Keonwoong Noh, Seokjin Oh, Woohwan Jung


Abstract
In Machine Translation (MT) evaluations, the conventional approach is to compare a translated sentence against its human-created reference sentence. MT metrics provide an absolute score (e.g., from 0 to 1) to a candidate sentence based on the similarity with the reference sentence. Thus, existing MT metrics give the maximum score to the reference sentence. However, this approach overlooks the potential for a candidate sentence to exceed the reference sentence in terms of quality. In particular, recent advancements in Large Language Models (LLMs) have highlighted this issue, as LLM-generated sentences often exceed the quality of human-written sentences. To address the problem, we introduce the Residual score Metric (ResuMe), which evaluates the relative quality between reference and candidate sentences.
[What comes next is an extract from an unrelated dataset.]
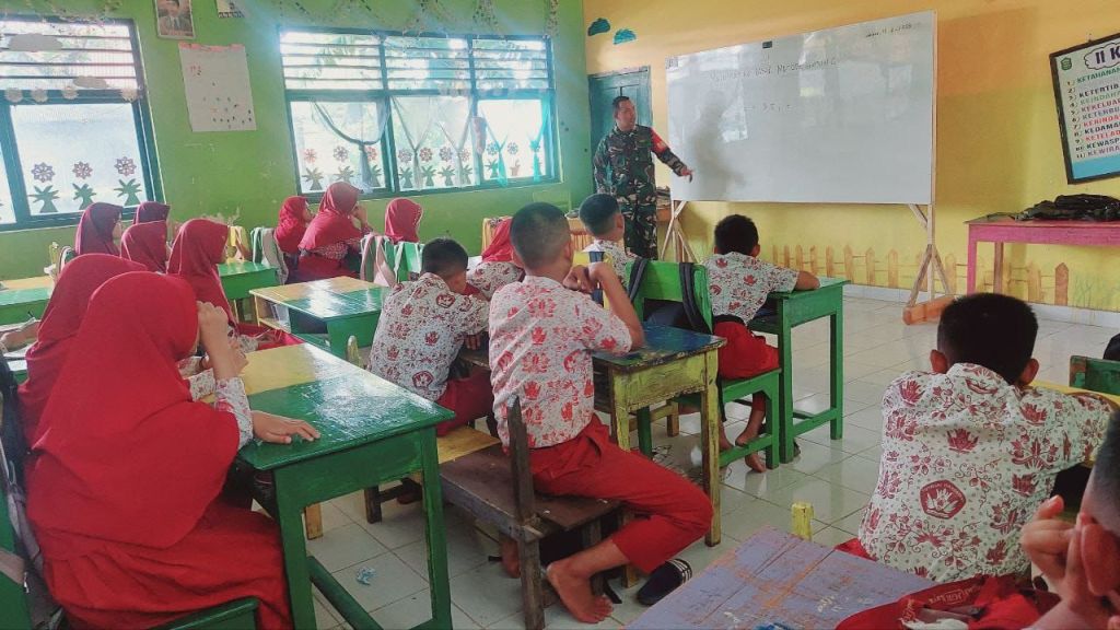 Kegiatan tersebut merupakan implementasi program Babinsa Masuk Sekolah SD, dengan memantapkan materi Wawasan Kebangsaan, sebagai bentuk memupuk jiwa nasionalisme di lingkungan sekolah.

ResuMe assigns a positive score to candidate sentences that outperform their reference sentences, and a negative score when they fall short. By adding the residual scores from ResuMe to the absolute scores from MT metrics, it can be possible to allocate higher scores to candidate sentences than what reference sentences are received from MT metrics. Experimental results demonstrate that ResuMe enhances the alignments between MT metrics and human judgments both at the segment-level and the system-level.
Anthology ID:
2024.emnlp-main.294
Volume:
Proceedings of the 2024 Conference on Empirical Methods in Natural Language Processing
Month:
November
Year:
2024
Address:
Miami, Florida, USA
Editors:
Yaser Al-Onaizan, Mohit Bansal, Yun-Nung Chen
Venue:
EMNLP
SIG:
Publisher:
Association for Computational Linguistics
Note:
Pages:
5111–5127
Language:
URL:
https://aclanthology.org/2024.emnlp-main.294
DOI:
Bibkey:
Cite (ACL):
Keonwoong Noh, Seokjin Oh, and Woohwan Jung. 2024. Beyond Reference: Evaluating High Quality Translations Better than Human References. In Proceedings of the 2024 Conference on Empirical Methods in Natural Language Processing, pages 5111–5127, Miami, Florida, USA. Association for Computational Linguistics.
Cite (Informal):
Beyond Reference: Evaluating High Quality Translations Better than Human References (Noh et al., EMNLP 2024)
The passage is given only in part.